No such rescission shall affect any subsequent default or impair any right
consequent thereon.

                  SECTION 5.03. COLLECTION OF INDEBTEDNESS AND SUITS FOR
ENFORCEMENT BY TRUSTEE. The Company covenants that if

                  (1) default is made in the payment of any interest on any
         Security when such interest becomes due and payable and such default
         continues for a period of 30 days, or

                  (2) default is made in the payment of the principal of (or
         premium, if any, on) any Security at the Maturity thereof,

it will, upon demand of the Trustee, pay to it, for the benefit of the Holders
of such Securities, the whole amount then due and payable on such Securities for
principal and any premium and



                                       37



interest and, to the extent that payment of such interest shall be legally
enforceable, interest on any overdue principal and premium and on any overdue
interest, at the rate or rates prescribed therefor in such Securities, and, in
addition thereto, such further amount as shall be sufficient to cover the costs
and expenses of collection, including the reasonable compensation, expenses,
disbursements and advances of the Trustee, its agents and counsel.

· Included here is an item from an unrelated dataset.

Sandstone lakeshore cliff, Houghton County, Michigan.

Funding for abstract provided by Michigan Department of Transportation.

                  If an Event of Default with respect to Securities of any
series occurs and is continuing, the Trustee may in its discretion proceed to
protect and enforce its rights and the rights of the Holders of Securities of
such series by such appropriate judicial proceedings as the Trustee shall deem
most effectual to protect and enforce any such rights, whether for the specific
enforcement of any covenant or agreement in this Indenture or in aid of the
exercise of any power granted herein, or to enforce any other proper remedy.

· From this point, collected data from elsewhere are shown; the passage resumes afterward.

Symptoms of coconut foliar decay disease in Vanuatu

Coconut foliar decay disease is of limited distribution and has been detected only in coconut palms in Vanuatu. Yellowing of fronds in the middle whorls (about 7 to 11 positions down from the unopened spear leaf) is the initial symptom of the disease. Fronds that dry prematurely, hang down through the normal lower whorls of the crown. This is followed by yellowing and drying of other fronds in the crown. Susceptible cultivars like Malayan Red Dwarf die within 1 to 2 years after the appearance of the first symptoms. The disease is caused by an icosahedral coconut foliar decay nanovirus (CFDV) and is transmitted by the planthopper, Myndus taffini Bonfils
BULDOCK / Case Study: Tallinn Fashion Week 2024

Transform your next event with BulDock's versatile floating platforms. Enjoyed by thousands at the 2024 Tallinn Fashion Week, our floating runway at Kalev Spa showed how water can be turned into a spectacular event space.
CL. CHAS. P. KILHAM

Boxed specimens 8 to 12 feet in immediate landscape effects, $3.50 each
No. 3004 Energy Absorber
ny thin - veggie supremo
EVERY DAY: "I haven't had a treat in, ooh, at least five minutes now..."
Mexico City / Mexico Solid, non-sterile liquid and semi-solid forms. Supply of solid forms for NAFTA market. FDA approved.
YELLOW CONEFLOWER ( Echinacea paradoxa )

                  SECTION 5.04. TRUSTEE MAY FILE PROOFS OF CLAIM. In case of any
judicial proceeding relative to the Company (or any other obligor upon the
Securities), its property or its creditors, the Trustee shall be entitled and
empowered, by intervention in such proceeding or otherwise, to take any and all
actions authorized under the Trust Indenture Act in order to have claims of the
Holders and the Trustee allowed in any such proceeding. In particular, the
Trustee shall be authorized to collect and receive any moneys or other property
payable or deliverable on any such claims and to distribute the same; and any
custodian, receiver, assignee, trustee, liquidator, sequestrator or other
similar official in any such judicial proceeding is hereby authorized by each
Holder to make such payments to the Trustee and, in the event that the Trustee
shall consent to the making of such payments directly to the Holders, to pay to
the Trustee any amount due it for the reasonable compensation, expenses,
disbursements and advances of the Trustee, its agents and counsel, and any other
amounts due the Trustee under Section 6.07.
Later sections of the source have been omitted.